“Cause of RASHes in the Emergency Department” – CRASHED Project
Subtitle: Examining the Prevalence, Clinical Characteristics, and Treatment of Mpox in U.S. Emergency Departments Participating in EMERGEncy ID NET
We propose to conduct Mpox surveillance in the emergency department (ED) setting, which is unique in being broader-based and more likely to reach medically disadvantaged and socially vulnerable groups than surveillance for Mpox among recognized high-risk individuals presenting to sexually transmitted infections (STI), HIV, and LGBTQ+ clinics. This project may suggest that Mpox has been largely eradicated, or possibly resurged and/or that risk factors have evolved, which would impact ongoing public health efforts to control the spread of this infection.
This will be a two-phase project with the first phase being a 1-month pilot project conducted at 3 Los Angeles EDs to develop, test, and refine data collection methods followed by a second phase that will be a 6-month large scale national surveillance project conducted at EMERGEncy ID NET sites.

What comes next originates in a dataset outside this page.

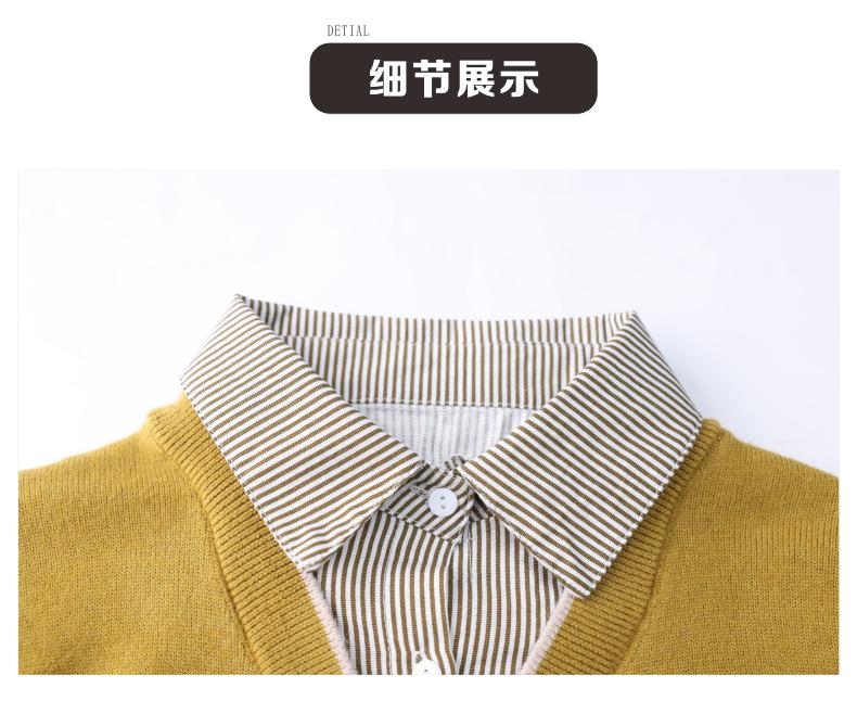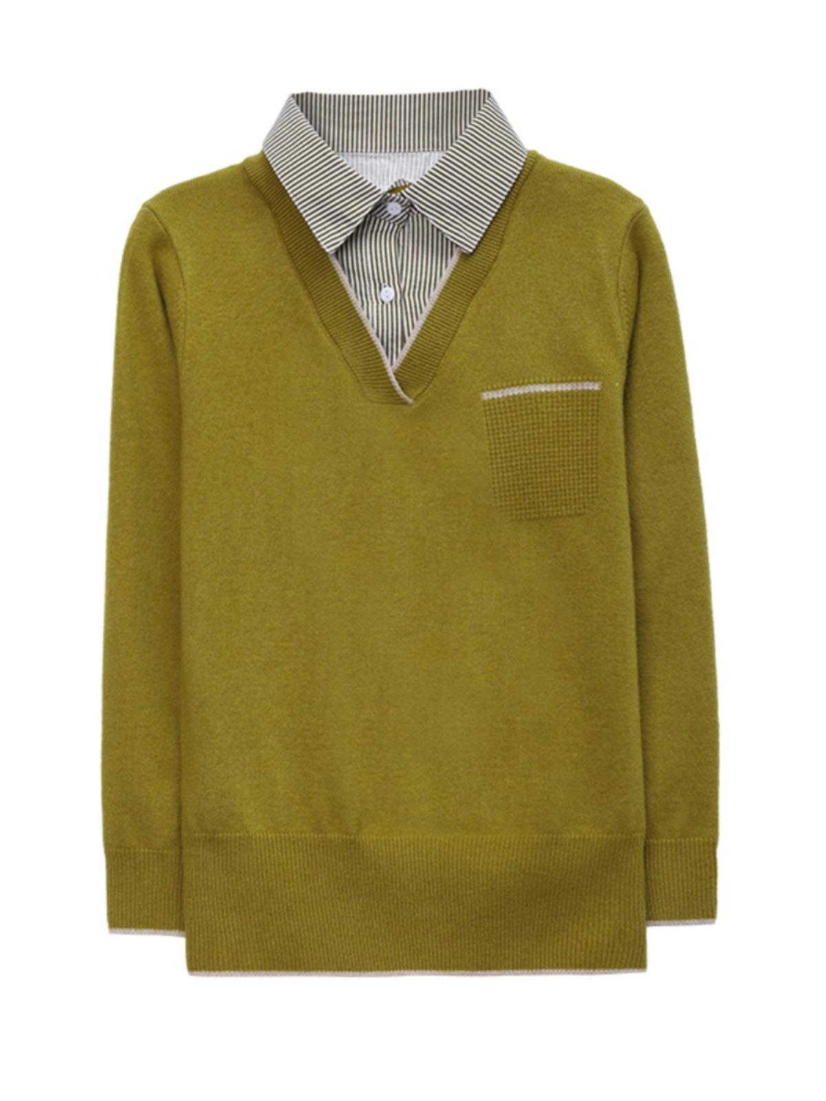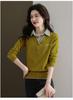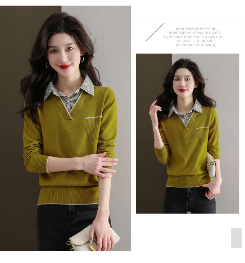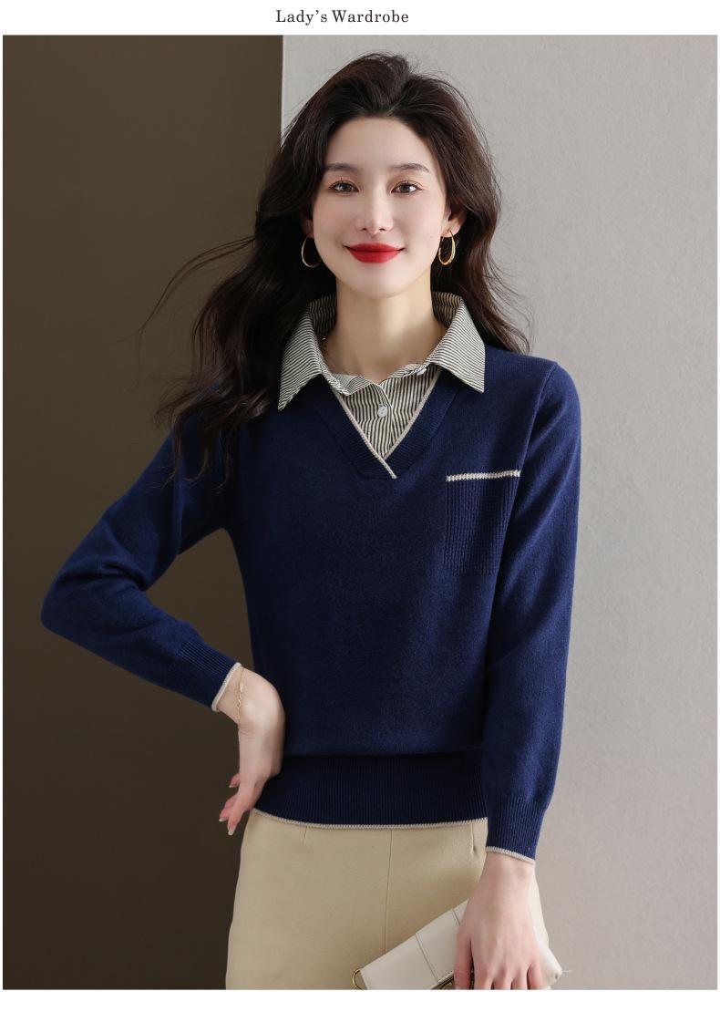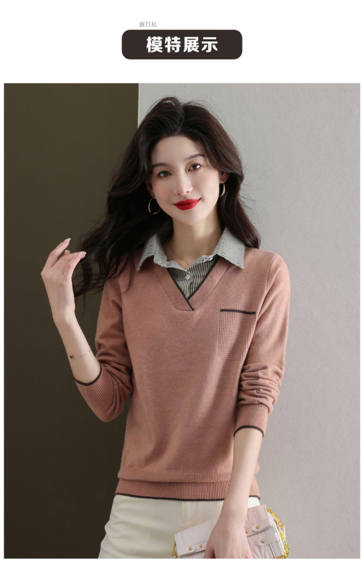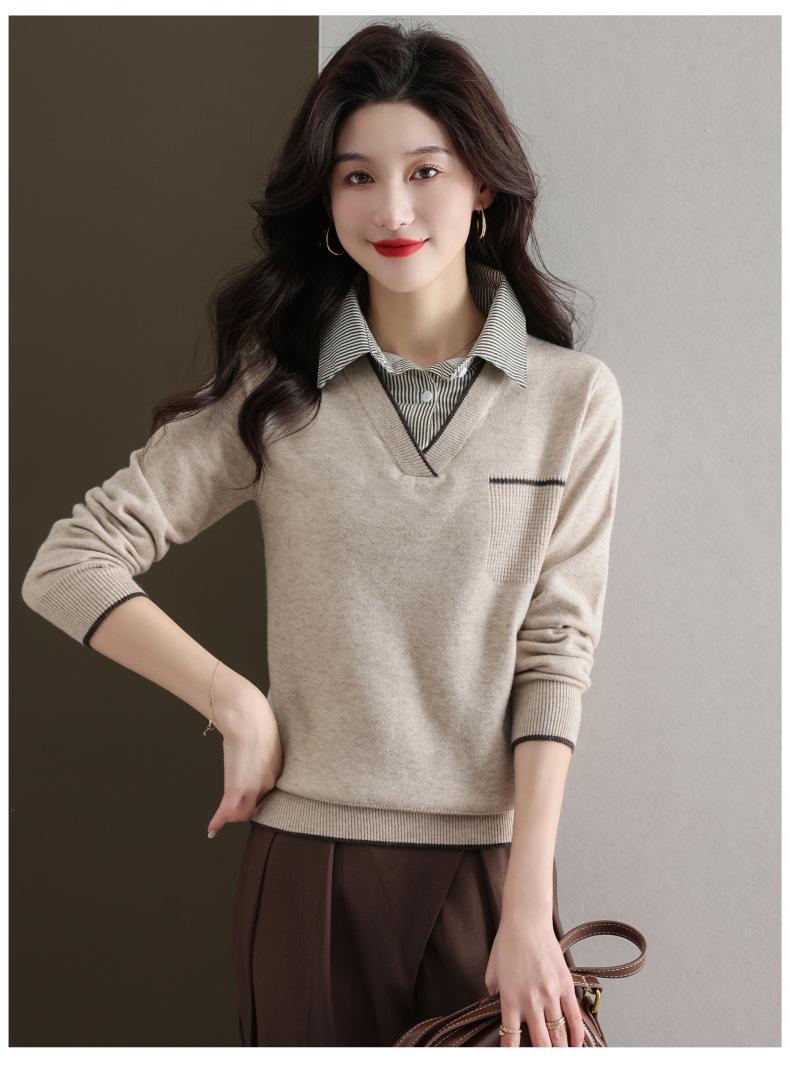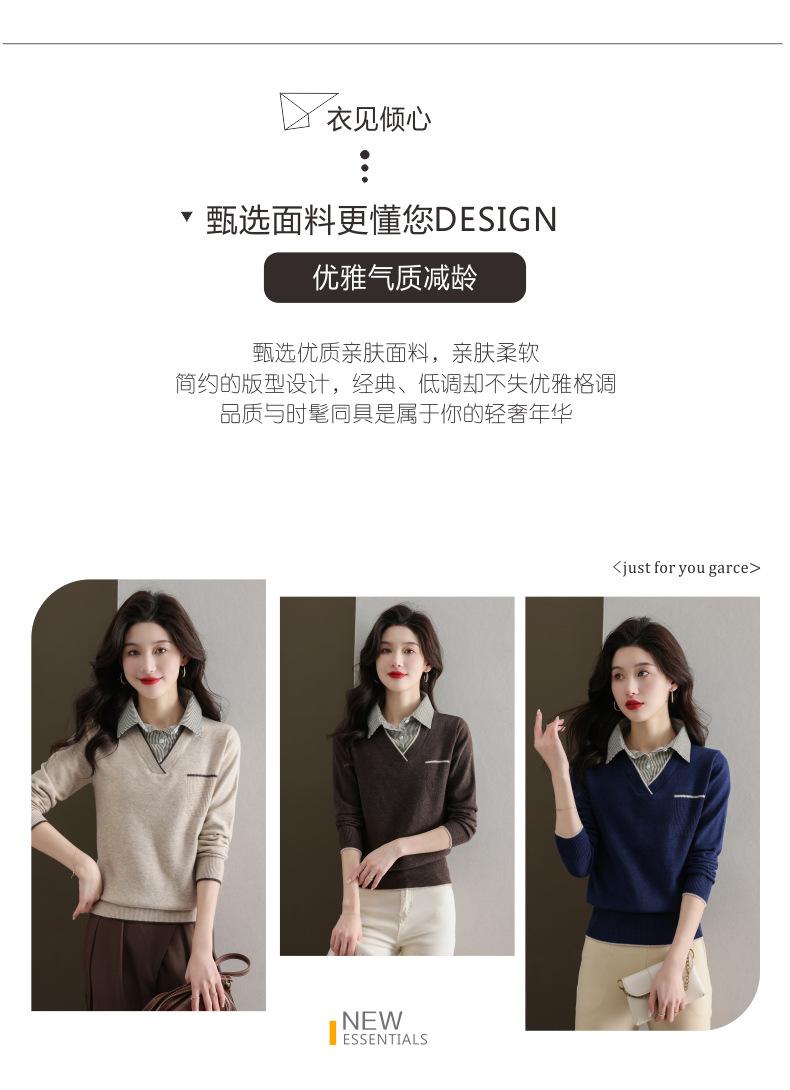 Tejido de punto falso de dos piezas para mujer, nuevo de primavera, suéter de manga larga con cuello de camisa, sentido básico, jersey, top patchwork para mujer

Patients age >3 months presenting with a pustular, vesicular, crusted, or ulcerated skin rash will be enrolled and consented in the ED. During the ED visit, the site coordinator will record responses from the participant and their treating clinician about the participant’s illness, and the participant will be asked to allow collection of specimens obtained by swabbing the rash(s) (i.e., 2 swabs). The site coordinator will also obtain two digital pictures of the rash sites that are swabbed. Participants ages ≥16 years of age will also be asked to complete a self-administered questionnaire about their sexual orientation, gender identity, and recent sexual behavior. After the ED visit, the site coordinator will review and abstract data from their medical record about their visit and outcomes. The site coordinator will contact the participant at 45 days to ask them about the outcome of their illness and healthcare utilization. For participants who test positive for Mpox during the project period, the site coordinator will conduct another medical record review at 45 days to capture additional healthcare utilization. Participants who test positive for Mpox and still have symptoms at 45 days will be called again at 90 days to ask about any additional healthcare utilization and the site team will conduct another medical record review at 90 days.